## INPUT FOR THIS TASK
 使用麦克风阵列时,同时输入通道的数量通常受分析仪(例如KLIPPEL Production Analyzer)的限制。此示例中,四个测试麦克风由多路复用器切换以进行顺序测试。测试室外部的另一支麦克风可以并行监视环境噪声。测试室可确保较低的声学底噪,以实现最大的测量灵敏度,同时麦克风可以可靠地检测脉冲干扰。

---

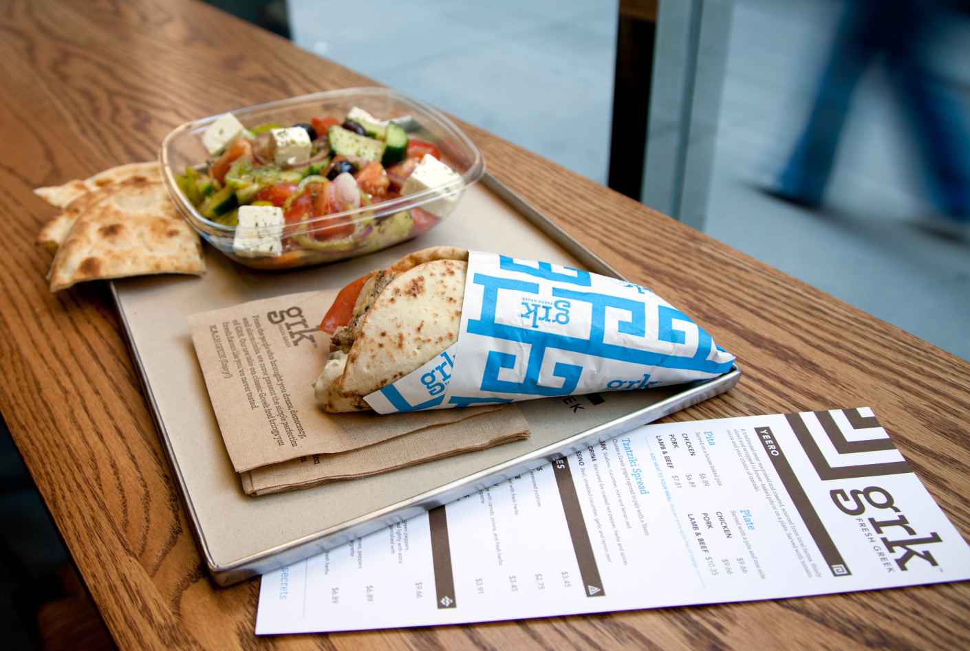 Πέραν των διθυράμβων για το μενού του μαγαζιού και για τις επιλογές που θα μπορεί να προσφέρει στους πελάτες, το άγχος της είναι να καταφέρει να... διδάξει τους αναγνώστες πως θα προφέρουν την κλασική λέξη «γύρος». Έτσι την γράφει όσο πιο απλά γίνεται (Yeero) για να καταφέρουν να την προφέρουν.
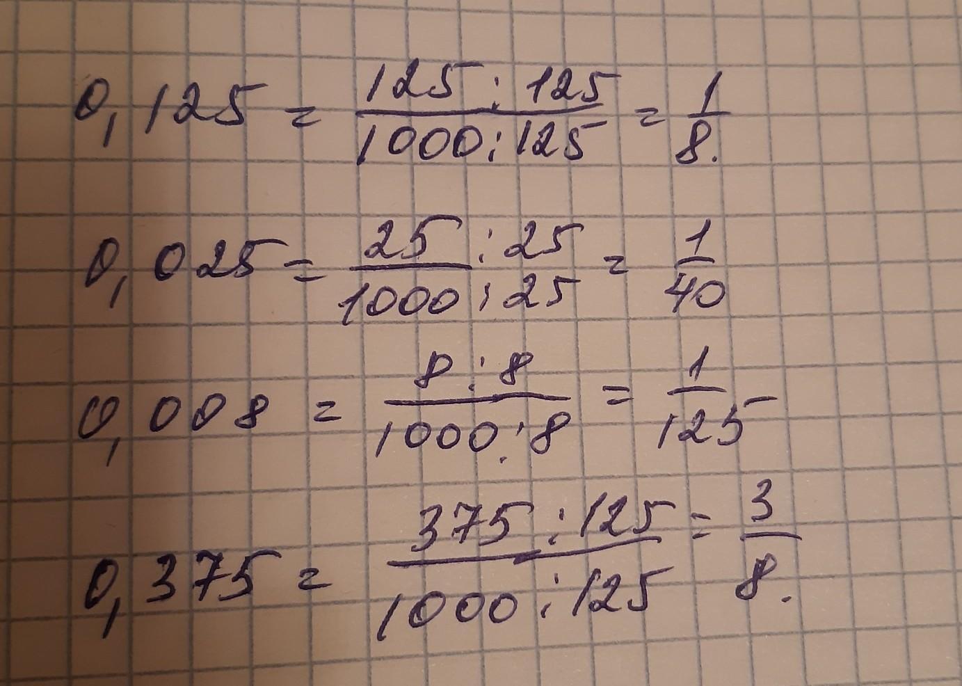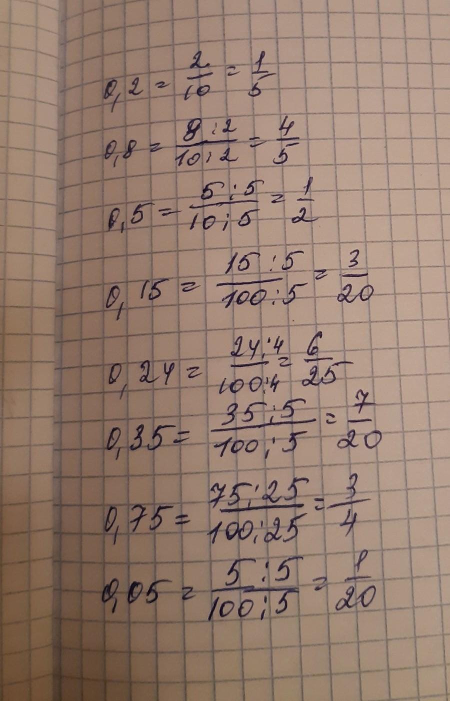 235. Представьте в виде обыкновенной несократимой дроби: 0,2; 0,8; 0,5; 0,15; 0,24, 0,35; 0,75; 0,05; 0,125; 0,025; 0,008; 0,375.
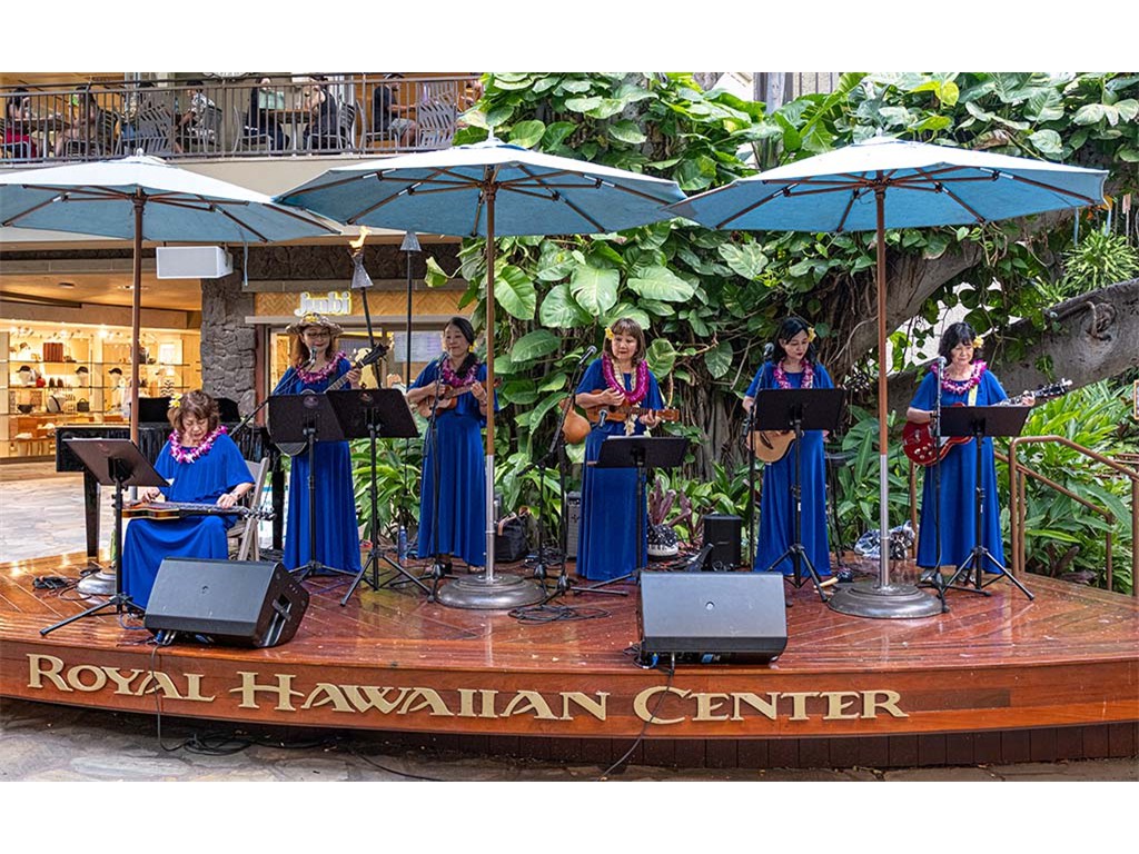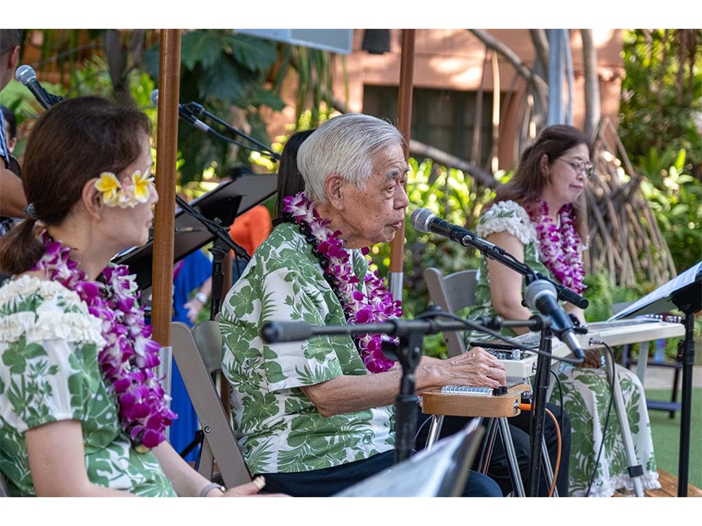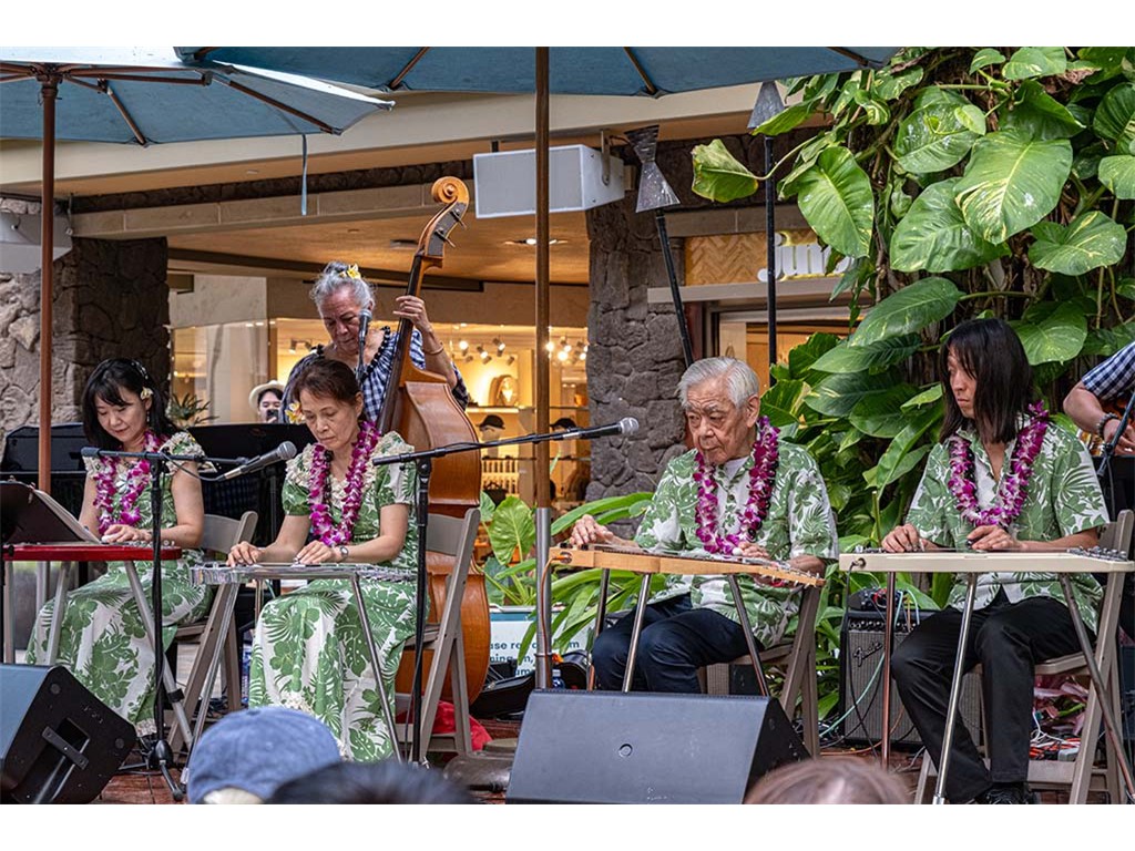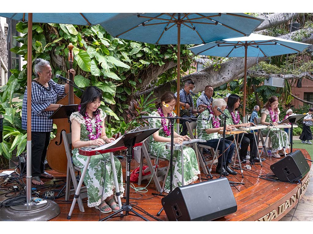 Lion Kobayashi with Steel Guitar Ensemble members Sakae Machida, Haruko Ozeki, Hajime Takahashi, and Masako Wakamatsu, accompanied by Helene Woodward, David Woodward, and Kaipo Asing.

## WORK TO BE COMPLETED
From the records above, transcribe exactly the lines starting at the one containing "235. Представьте в" and ending at the one containing "Lion Kobayashi with". Skip the pictures.

## WRITTEN REPLY
 235. Представьте в виде обыкновенной несократимой дроби: 0,2; 0,8; 0,5; 0,15; 0,24, 0,35; 0,75; 0,05; 0,125; 0,025; 0,008; 0,375.
 Lion Kobayashi with Steel Guitar Ensemble members Sakae Machida, Haruko Ozeki, Hajime Takahashi, and Masako Wakamatsu, accompanied by Helene Woodward, David Woodward, and Kaipo Asing.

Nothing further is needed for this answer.